The Mustang Band Celebrates 100 Years

On November 3, 2017, celebrate 100 years of Mustang spirit and Mustang jazz with friends from around the world at the Mustang Band Centennial Celebration, featuring University leadership, photo ops with Peruna and more. And enjoy student acts and skits showcasing the prominence of the Mustang Band in the life of our University at the Pigskin Revue, our beloved SMU tradition. Register here.

The Mustang Band – the most visible performing ensemble at SMU – is famously known as both “The Hub of SMU Spirit” and “The Best-Dressed Band in the Land.” About 100 men and women from across campus form this close-knit, diverse organization and uphold its longtime tradition of creating an unforgettable, high-stepping entertainment experience. In addition to its signature jazz arrangements, established by Cy Barcus in the 1920s, the Mustang Band incorporates other popular musical styles into its dazzling repertoire.

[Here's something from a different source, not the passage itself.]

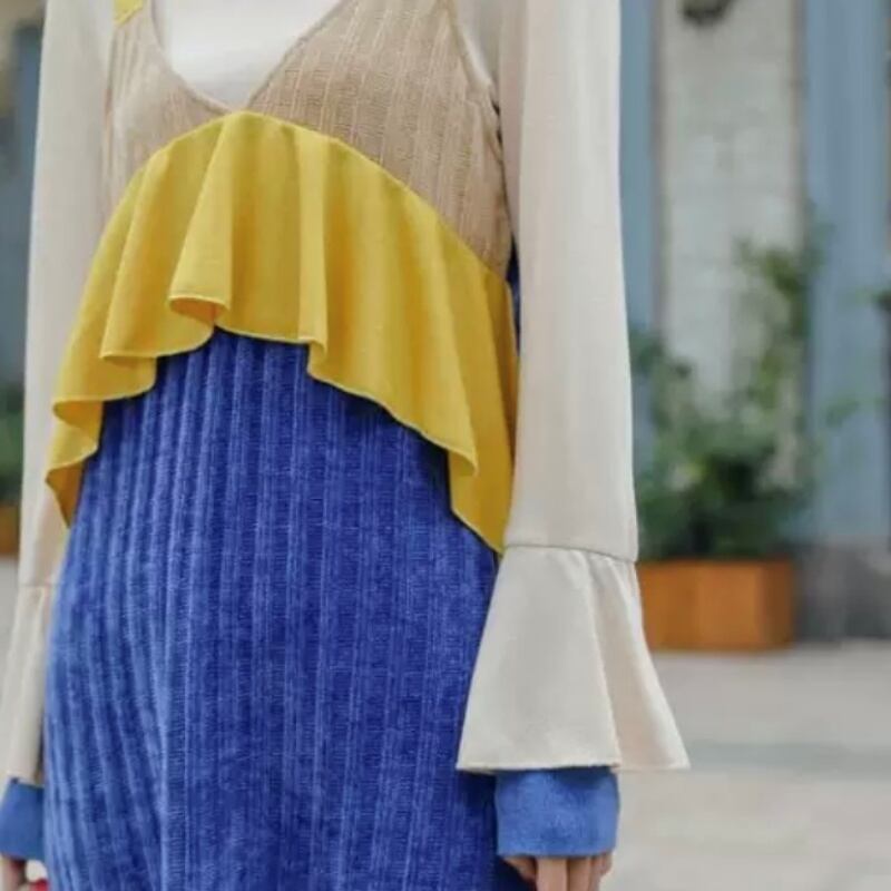 カラーブロッキング配色&フリルが目を引くセットアップです。

Enjoy these great videos and photos from 100 years of Mustang Band spirit!

Navy Game
November 26, 2016

Homecoming Parade
November 15, 2016

SMU Homecoming
1941

SMU promo and half-time show
1983

Performing in the fountain
Meadows School, 2014

Half-time show
October 3, 2015

Half-time show
SMU v. UT, 1985

All about Peruna

Five things to know about Peruna

The location of Peruna’s stable is one of SMU’s best-kept secrets. The decision to keep the coordinates under wraps was influenced, no doubt, by a famous “scalping” incident. According to a report published inThe SMU Campus student newspaper on November 11, 1964, a group of Texas A&M University students had wreaked havoc on campus the previous weekend by shaving Peruna’s forelock and tail, stealing a red Mustang statue that topped Ownby Stadium and committing various other acts of vandalism. According to the article, Peruna suffered no permanent damage.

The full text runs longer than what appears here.